> Material shown:
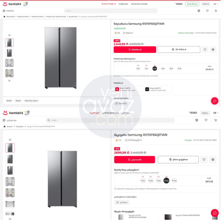 Açıqlanan məlumatlardan da göründüyü kimi, “Kontakt Home” “Samsung RS70F65Q1TWR” markalı soyuducunu Gürcüstan vətəndaşlarına Azərbaycan vətəndaşları ilə müqayisədə 508 dollar və ya təxminən 34% daha ucuz satır.
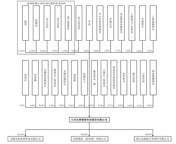 招股书显示,先锋精科董事长游利直接持有公司21.36%股份,其配偶褚潋通过英瑞启持股12.35%,表决权由游利控制。最终,游利合计控制公司52.64%股份的表决权。
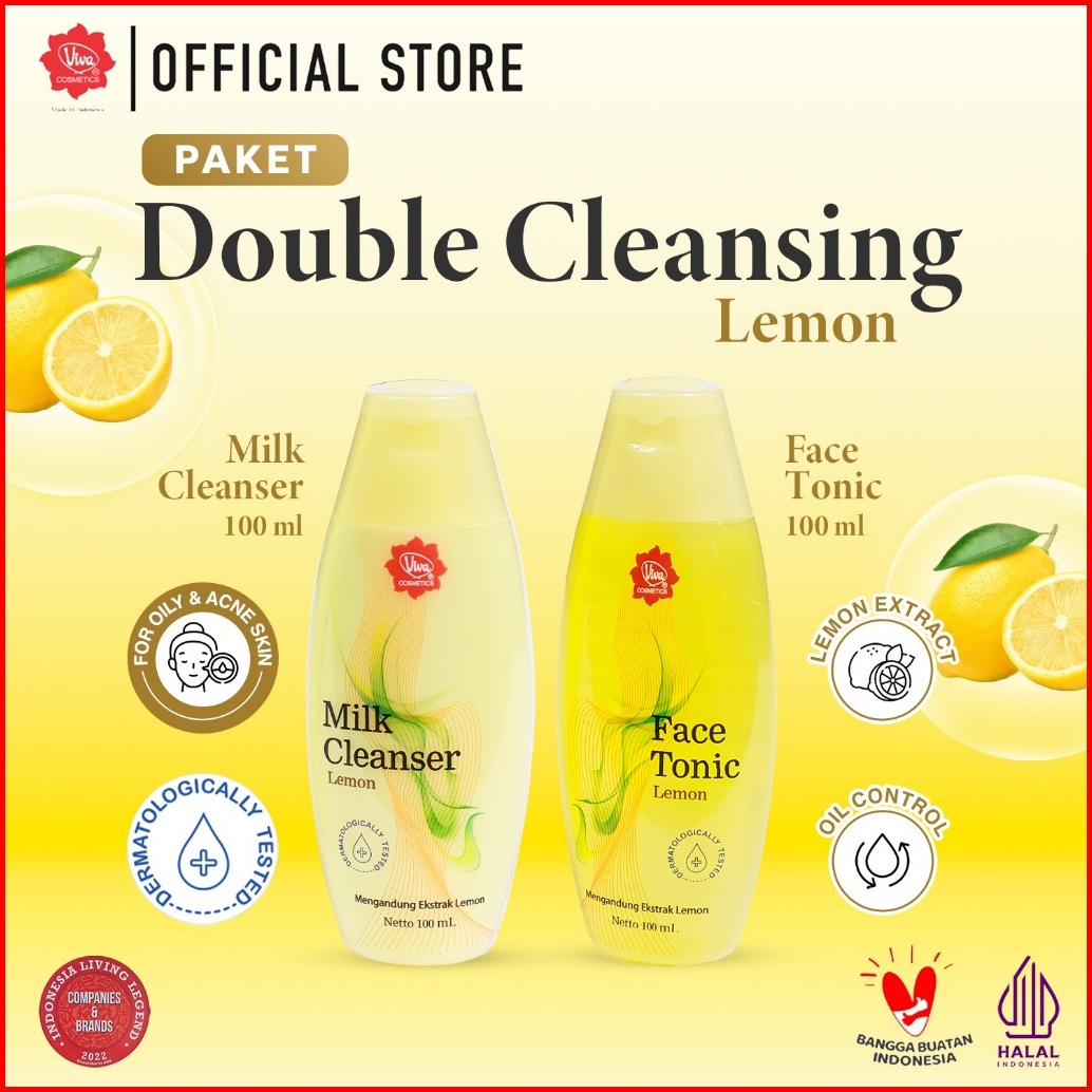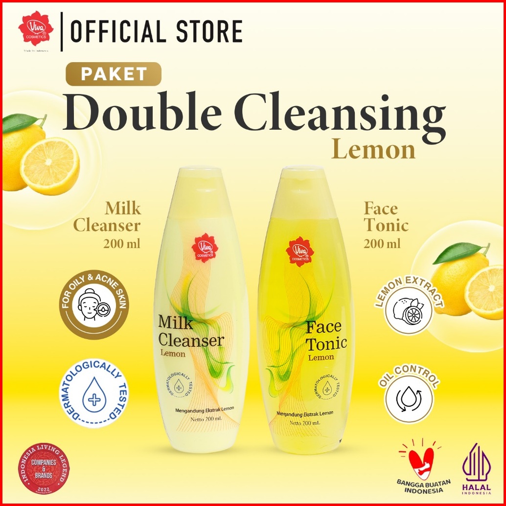Promo Paket Double Cleansing Lemon - Viva Milk Cleanser Face Tonic Lemon 100 Ml 200 Ml
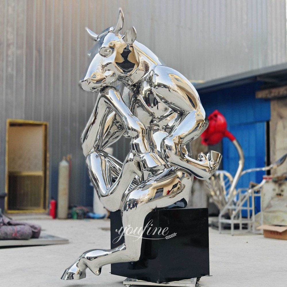The stainless steel Barcelona bull statue is unique in that it mimics the pose of Rodin’s classic sculpture “The Thinker,” cleverly anthropomorphizing the bull.
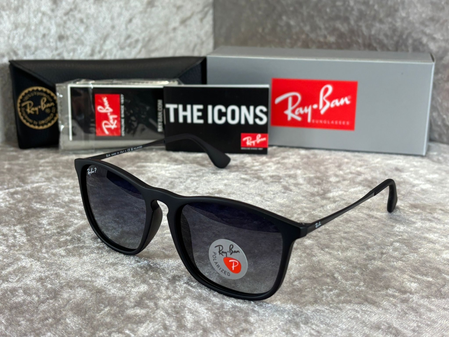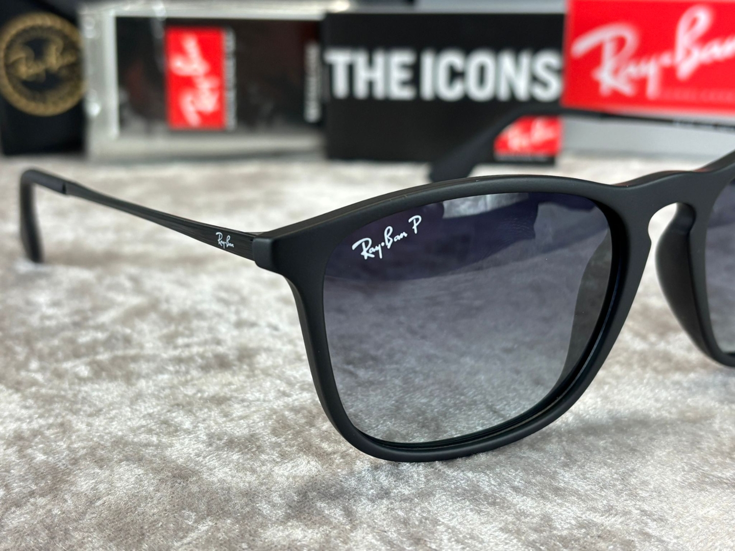 A brand new, unused and boxed pair of Ray-Ban RB4187 622/T3 Black sunglasses, offering a sleek and modern look with the unmistakable appeal of Ray-Ban styling. The matte black frame gives a clean, contemporary finish, while the grey gradient polarised lenses deliver sharper vision, reduced glare and superb comfort in changing light. With the Ray-Ban logo featured on the lens, these sunglasses carry the instantly recognisable signature of the brand.
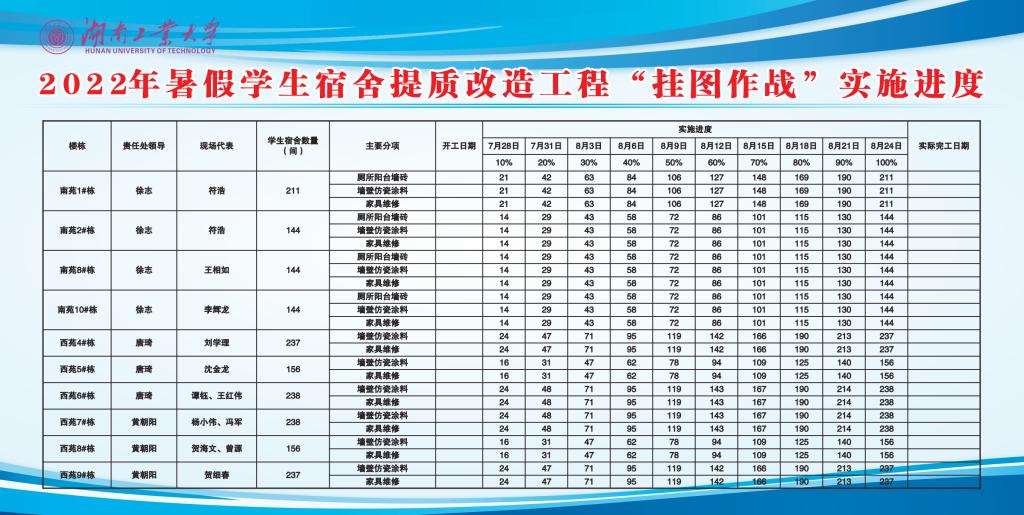 截止8月24号晚上,学生宿舍提质改造工作按计划全面完工。后续,后勤管理处将设置提质改造宿舍售后维修服务站,对学生宿舍未维修到位的问题给予继续提供维修服务,完全解决到位。
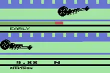 Dragster, released in 1980 for the Atari Video Computer System, is one of the first video games developed by Activision. It was programmed by David Crane, who later wrote Pitfall!.[1] The objective of the game is to either beat the player's opponent across the screen or to race against the clock for best time, depending on the settings used. Dragster is an unauthorized adaptation of the 1977 Kee Games coin-op Drag Race.[3]
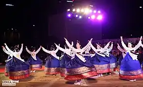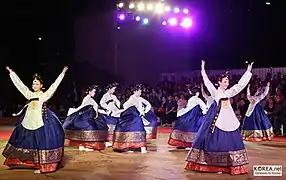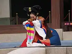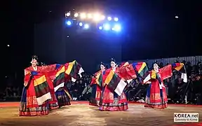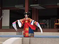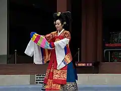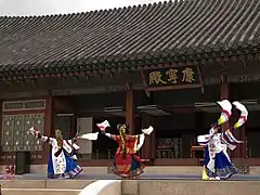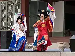 Taepyeongmu (태평무; literally "great peace dance") is a Korean dance with the function of wishing a great peace for the country. Its exact origin is unknown, but certain style of the present was composed by Hahn Seongjun (hangul: 한성준; hanja: 韓成俊; 1874–1941), an outstanding master of Korean dance in the beginning of last century. There are three assumptions regarding the origin of Taepyeongmu. One is a court dance occasionally performed by kings during the Joseon dynasty. Therefore, the costumes used by the dancers are similar to the gwanbok (hangul: 관복; literally "official clothing") formerly worn by Korea's kings and queens.[1]
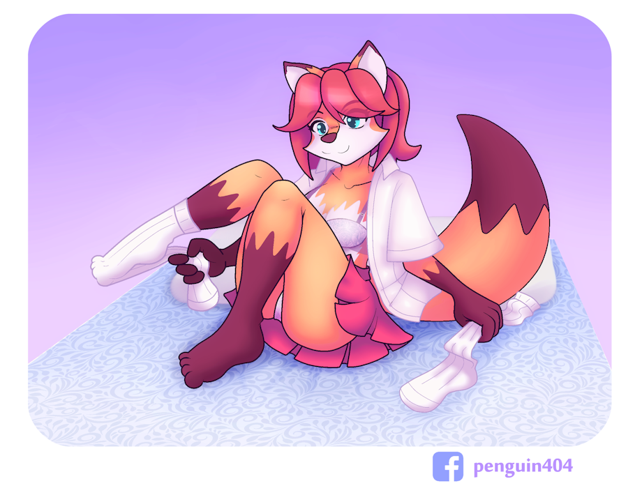 Hello everyone, we have Monica the fox taking of white socks :)
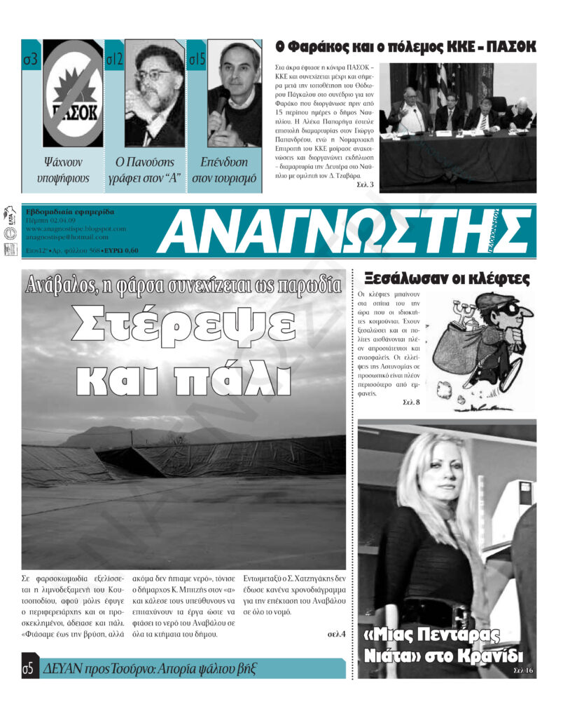 To Τεύχος 568 της εβδομαδιαίας εφημερίδας Αναγνώστης Πελοποννήσου με έδρα το Ναύπλιο του Νομού Αργολίδας που εκδόθηκε και κυκλοφόρησε την Πέμπτη 2 Απριλίου 2009
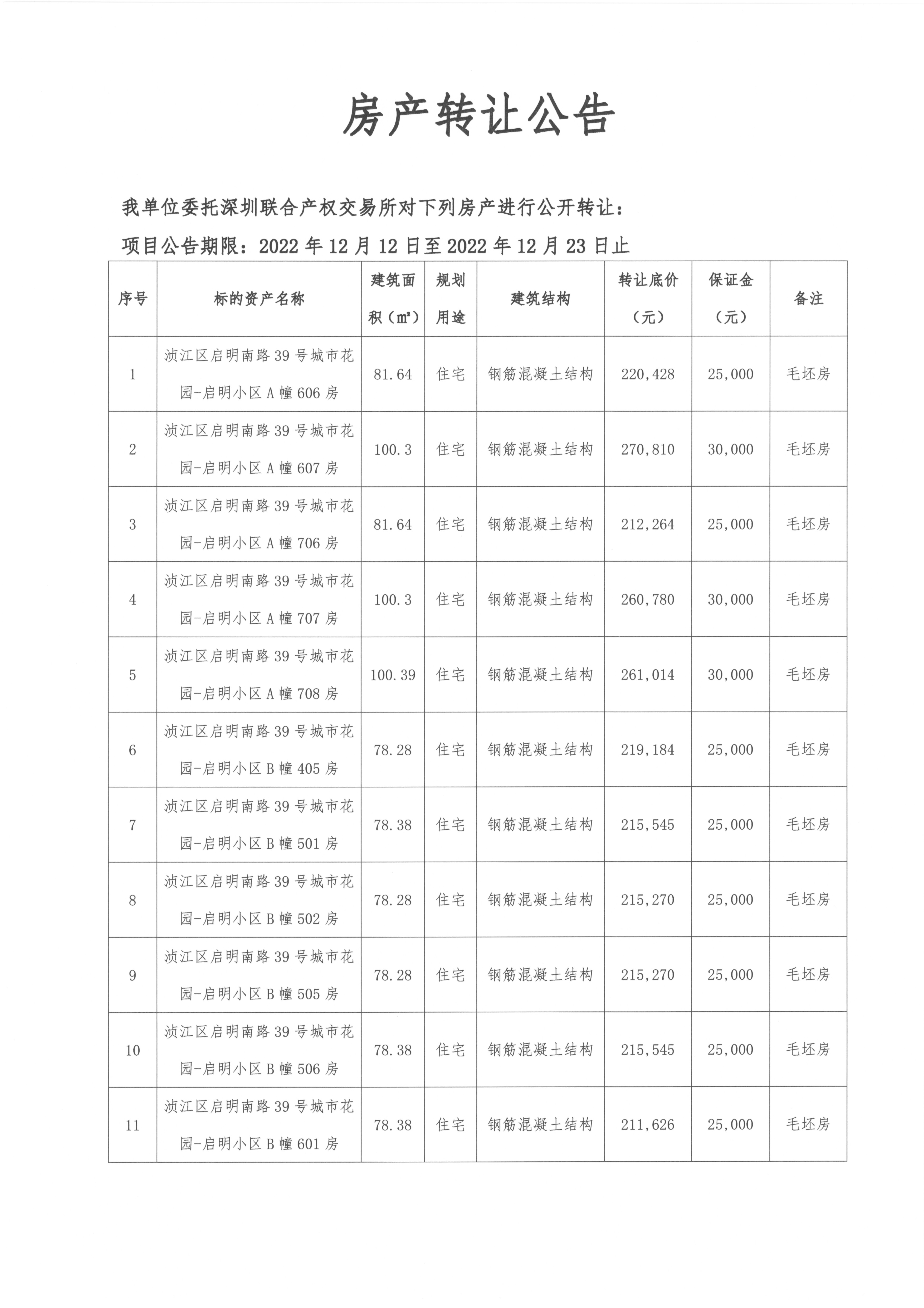 房產(chǎn)轉(zhuǎn)讓公告(啟明小區(qū))

> What is needed: Any picture in the listing is to be omitted. Return exactly the lines from the one containing "Taepyeongmu (태평무; literally" through its last line, both included, and only those.

> Result of this exercise:
 Taepyeongmu (태평무; literally "great peace dance") is a Korean dance with the function of wishing a great peace for the country. Its exact origin is unknown, but certain style of the present was composed by Hahn Seongjun (hangul: 한성준; hanja: 韓成俊; 1874–1941), an outstanding master of Korean dance in the beginning of last century. There are three assumptions regarding the origin of Taepyeongmu. One is a court dance occasionally performed by kings during the Joseon dynasty. Therefore, the costumes used by the dancers are similar to the gwanbok (hangul: 관복; literally "official clothing") formerly worn by Korea's kings and queens.[1]
 Hello everyone, we have Monica the fox taking of white socks :)
 To Τεύχος 568 της εβδομαδιαίας εφημερίδας Αναγνώστης Πελοποννήσου με έδρα το Ναύπλιο του Νομού Αργολίδας που εκδόθηκε και κυκλοφόρησε την Πέμπτη 2 Απριλίου 2009
 房產(chǎn)轉(zhuǎn)讓公告(啟明小區(qū))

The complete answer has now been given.